Immersion, Transparency and Disappearance: a paradoxical aesthetics [EN]

João Carrilho

 

The concept of “immersion” is commonly associated with developments in audiovisual media, particularly to the technological capability to produce an “as if” experience (Breitsameter, 2018), indistinguishable from reality itself.

This technological dream of constructing a “mirror of nature” is further ignited by the belief in a future of unprecedented computational power. When computers have evolved to make hyper-realistic copies of the world around us, we may no longer know whether we are experiencing a simulation or real-life. According to the “simulation hypothesis” (Bostrom, 2003), it is almost inevitable that we already live in a computer program.

However, such a philosophy of “immersion” may be reproached in several ways. First, it assumes that the physical world is completely computational, which is not necessarily the case (Penrose, 1989). If the act of understanding or the activity of listening, for instance, are shown to require non-computational ingredients, then no traditional machine will be able to replicate them, independently of how powerful or complex it is. Secondly, it requires a debatable treatment of the anthropic principle: maybe we are not near the mean value of a gaussian distribution for what happens in the Cosmos.

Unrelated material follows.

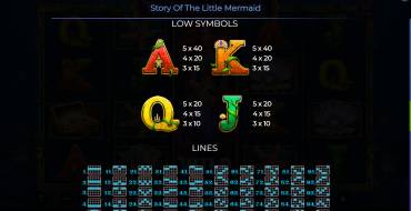 The Story Of The Little Mermaid es una tragaperras online con un campo de 5 rodillos y una altura de 4 casillas. El número de líneas para hacer combinaciones oscila entre 10 y 100. La peculiaridad del juego es que el propio jugador determina cuántas direcciones utilizar en la siguiente ronda. En el juego intervienen 8 símbolos estándar y 2 especiales. Las combinaciones ganadoras se forman de izquierda a derecha con más de 3 símbolos idénticos seguidos.
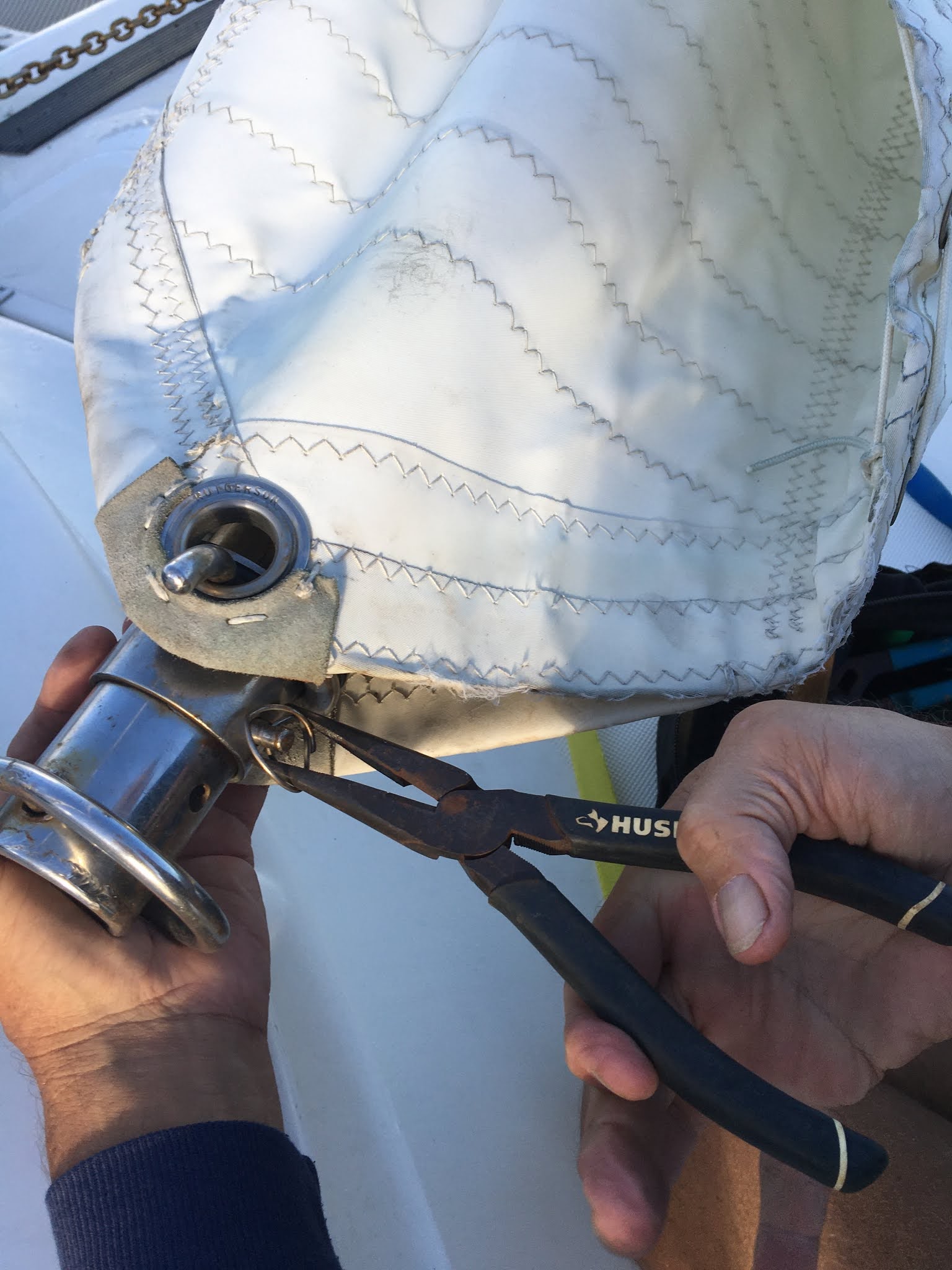 Another item today was that Dale had to perform underway repairs. During his walk about, he found on the deck a rather substantial ring used to keep screws, bolts, etc from backing out of where they belong.He picked it up, put it in his pocket and then tried to locate where it had fallen from. Most rings of this nature are on our life lines but this one was a heftier version thus, most likely, more important. Not finding anything right way, he slept on it; literally. Not the ring; the issue. After his rest period, he got up walked up to the jib, checked the end and sure enough, that’s where it belonged. Next I see him using the pair of pliers he had taken with him to hammer something. So I went below and grabbed a couple of hammers for him. Right about the time I came back up, he came back to the cockpit and selected the biggest one I had managed to find. I remembered the last time he and Gerry and tinkered something with the big hammer and hoped it wouldn’t result in the same outcome. He finally came back and announced that although he couldn’t get the pin through far enough to secure the ring through it, it was so wedged in place, it wasn’t going anywhere. He did caution me though, not to let the jib flail back and forth too much.

And even if the universe was filled with uncountable simulations, then the strongest probability would be that we should find ourselves in one of the lowest types (Carroll, 2019).

This article traces critical aspects of “immersion”, from its inception as technological utopia to the implications of its contemporary aesthetics. Following Andrew Parkers’ hypothesis that the Cambrian explosion could have been triggered by a sudden transparency of the oceans and atmosphere, allowing for distal perception, the text juxtaposes the digital revolution, considered as a second great transparency (Dennett, 2015) to Paul Virilio’s aesthetics of disappearance. The result is thus paradoxical: as sounds and images get coded into electromagnetic waves traveling at light speeds, mankind immerses itself in virtual worlds, at the risk of its own obliteration.

The discussion is centered on sound, where it is clear that the “reality” of sensory experiences is not something passive or unchanging, but rather a time-dependent endless recursion: Mankind transforms the soundscape and the soundscape changes man. Hearing and the sonic environment are co-discovered and co- created. They are unpredictable co-evolving processes. Today, sounds of any kind may appear from any spatial direction, at any distance, through any medium. They can inhabit any real or imagined location and should be free to propagate with arbitrary radiation patterns. But sounds also have the potential to transform the listening experience itself.